## Task objective
Your answer must be exactly the lines from the one containing "Sandisk Cruzer Glide" through the end of the material, both ends included, without pictures.

## Data to examine
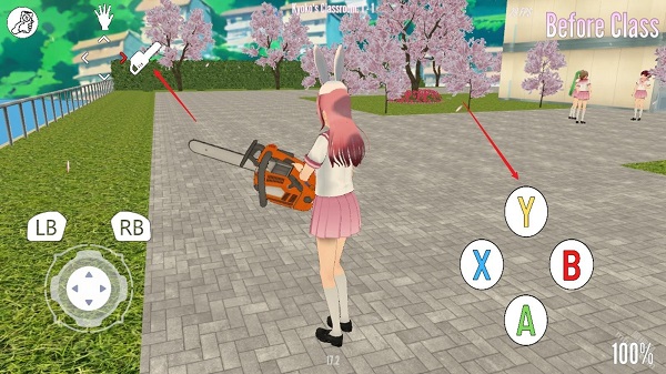 2、控制病娇酱移动到武士刀附近,然后点击屏幕右侧的B键。
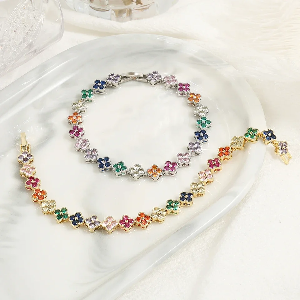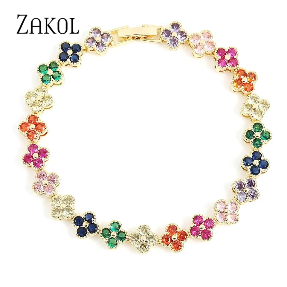 Home Store Fashion & Accessories Jewelry ZAKOL Korean Fashion Random Colorful Zircon Flower Plant Bracelets For Women Dopamine Girls Jewelry Party Accessories
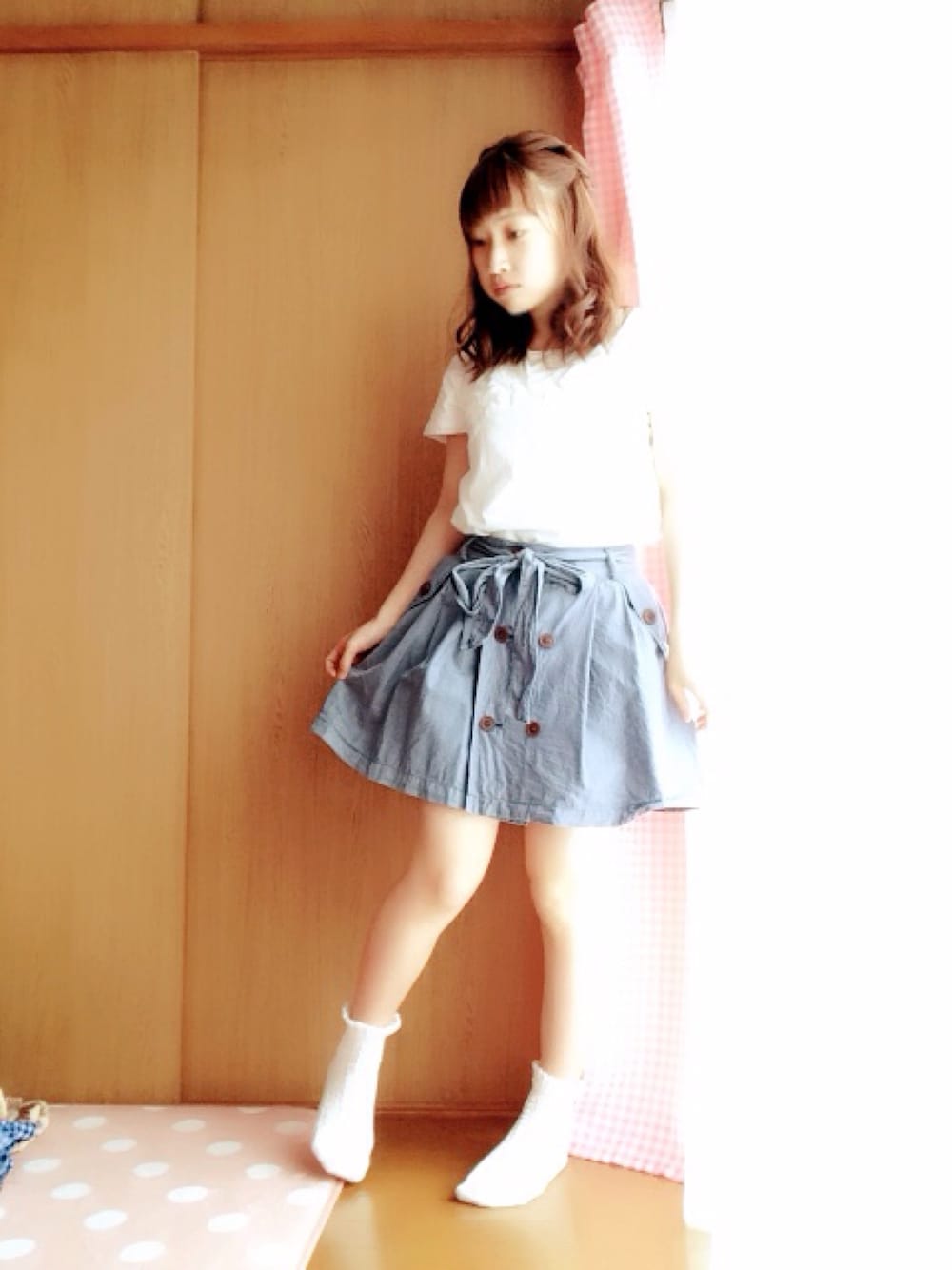 白Tシャツとブルーの前ボタンスカートの シンプルなコーディネートです(o´艸`) 夏に近づくにつれ 簡単なカッコになってきてます笑
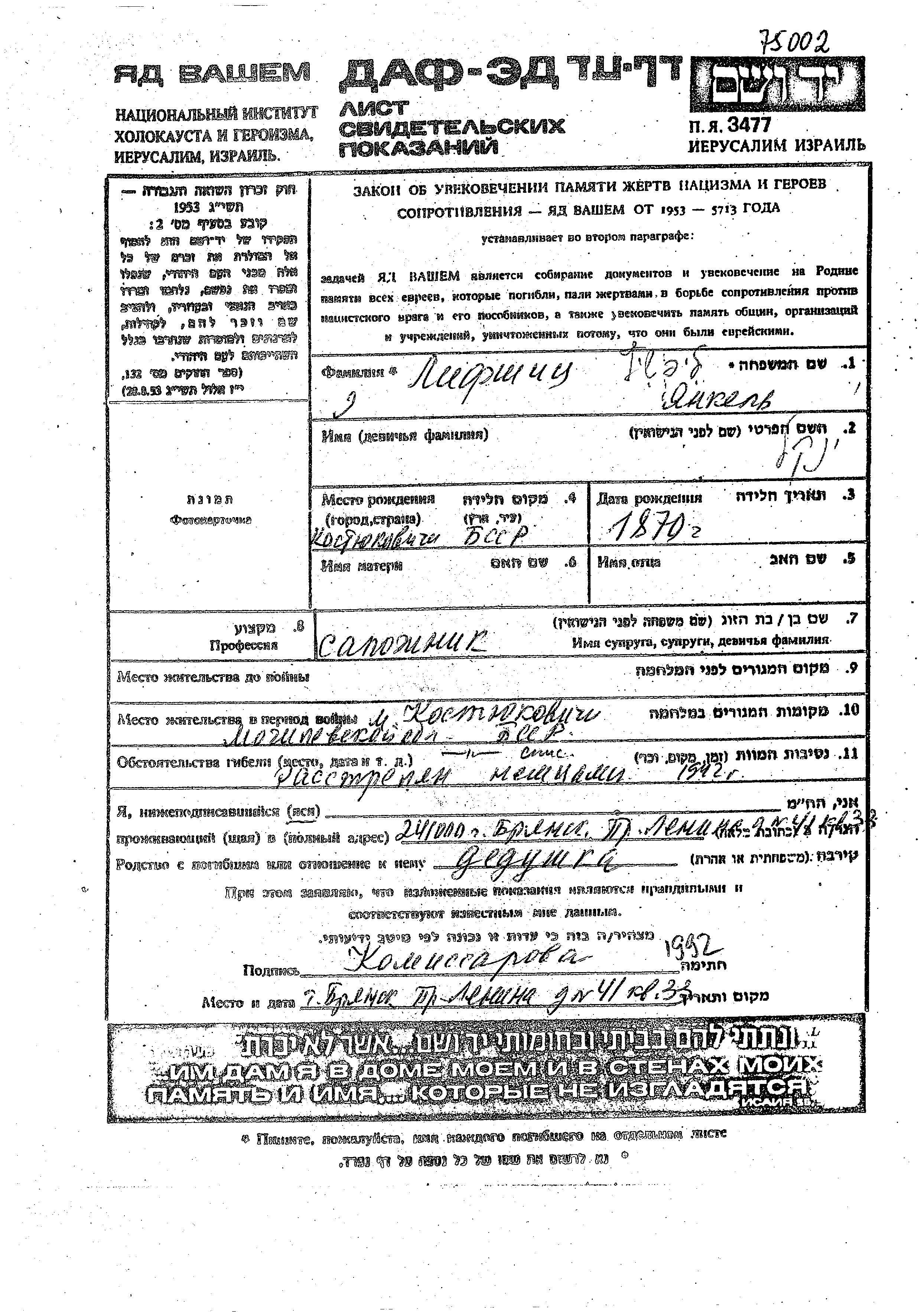 Yankel wurde in der Schoah ermordet. Todesort: Kostyukovichi, Weißrussland (UdSSR) im Jahr 1942.
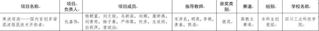 在四川省教育厅发布的《“建行杯”第九届四川省国际“互联网+”大学生创新创业大赛各赛道获奖名单》中,我校电信学院2020级学生仇嘉伟所负责的项目《乘波逐浪--国内首创多谐混波驱鼠技术开拓者》荣获四川省银奖,这是九届大赛以来我校在四川省国际“互联网+”大赛中所取得的突破性进展。
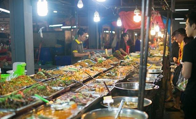 这个周末夜市地址就在奥特莱斯后面一点,可以看到很多老外提着塑料袋里面装着吃的,问问他们就知道地方在哪里了。
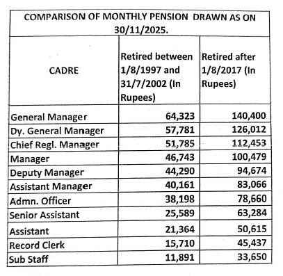 The pay scales of the employees are revised periodically. Such revisions took place during 1989, 1997, 2002, 2007, 2012 and 2017. Since as per Clause 34, the basic pension receivable by a retired employee is pegged at 50% of the average emolument, it tends to be static. The periodical pay scale revisions are not taken note of while calculating the basic pension. As a result, those who retired prior in point of time, though from a higher cadre, draw less pension compared to those who retire from a far lower cadre. This is illustrated by the following comparative chart :
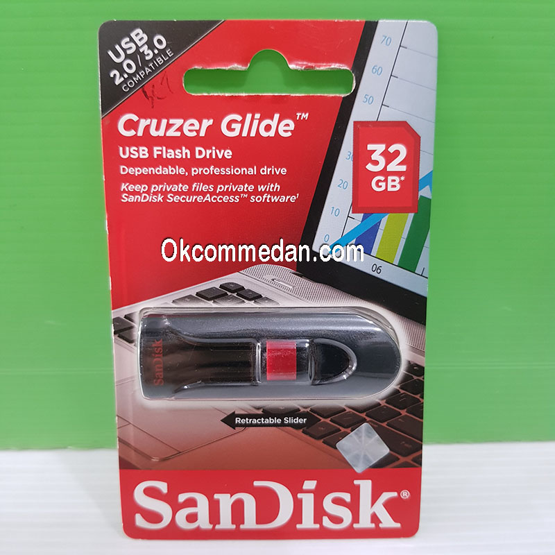 Sandisk Cruzer Glide Flash drive 32 Gb adalah Flash drive model sorong dengan kapasitas 32 Gb dengan interface USB 2.0 . Kepala USB flash disk ini dapat disimpan dan dikeluarkan dengan disorong terlebih dahulu , sehingga kepala USB dapat tersimpan dengan aman sewaktu kita tidak menggunakannya.
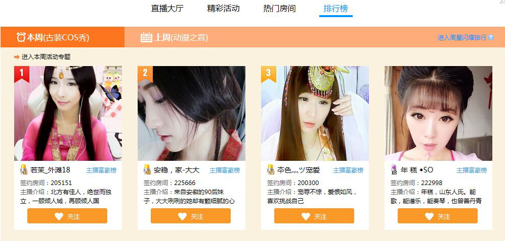 3、每周前4名主播拥有排行榜周星闪耀的展示位(展示位可直接对该主播进行关注,并进入主播所属房间)
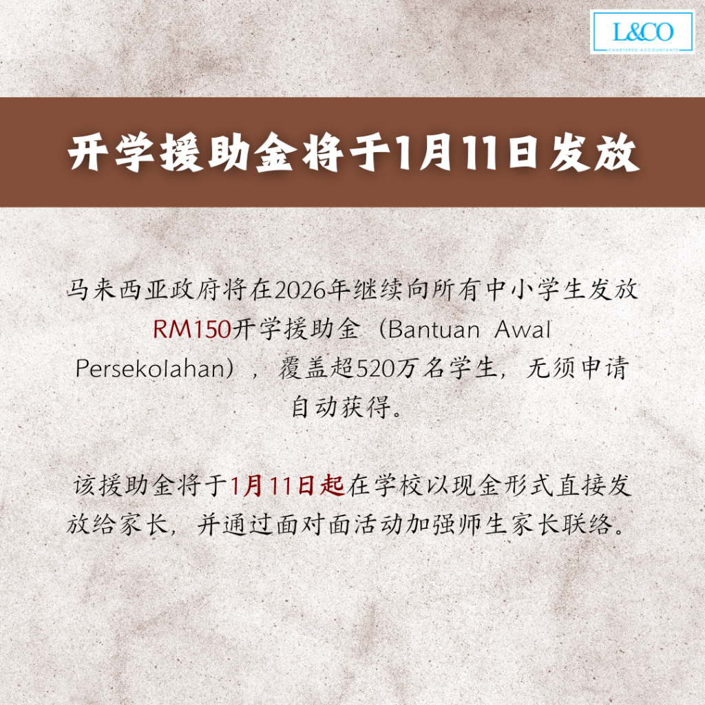 • 马来西亚政府将在 2026 年继续向所有中小学生发放 RM150 开学援助金(Bantuan Awal Persekolahan),覆盖超 520 万名学生,无须申请自动获得
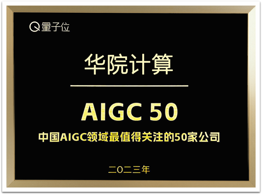 在早前量子位主办的中国AIGC产业峰会上,华院计算因其在AIGC领域的技术突破和创新成果亦荣登『中国 AIGC50』榜单。该榜单由量子位智库从产品进展、技术实力、落地变现、品牌影响力等多个维度,评选出国内值得关注的50家AIGC机构,为业界提供参考价值。同期上榜的还有百度、阿里、腾讯、科大讯飞等国内知名企业。

## Task output
 Sandisk Cruzer Glide Flash drive 32 Gb adalah Flash drive model sorong dengan kapasitas 32 Gb dengan interface USB 2.0 . Kepala USB flash disk ini dapat disimpan dan dikeluarkan dengan disorong terlebih dahulu , sehingga kepala USB dapat tersimpan dengan aman sewaktu kita tidak menggunakannya.
 3、每周前4名主播拥有排行榜周星闪耀的展示位(展示位可直接对该主播进行关注,并进入主播所属房间)
 • 马来西亚政府将在 2026 年继续向所有中小学生发放 RM150 开学援助金(Bantuan Awal Persekolahan),覆盖超 520 万名学生,无须申请自动获得
 在早前量子位主办的中国AIGC产业峰会上,华院计算因其在AIGC领域的技术突破和创新成果亦荣登『中国 AIGC50』榜单。该榜单由量子位智库从产品进展、技术实力、落地变现、品牌影响力等多个维度,评选出国内值得关注的50家AIGC机构,为业界提供参考价值。同期上榜的还有百度、阿里、腾讯、科大讯飞等国内知名企业。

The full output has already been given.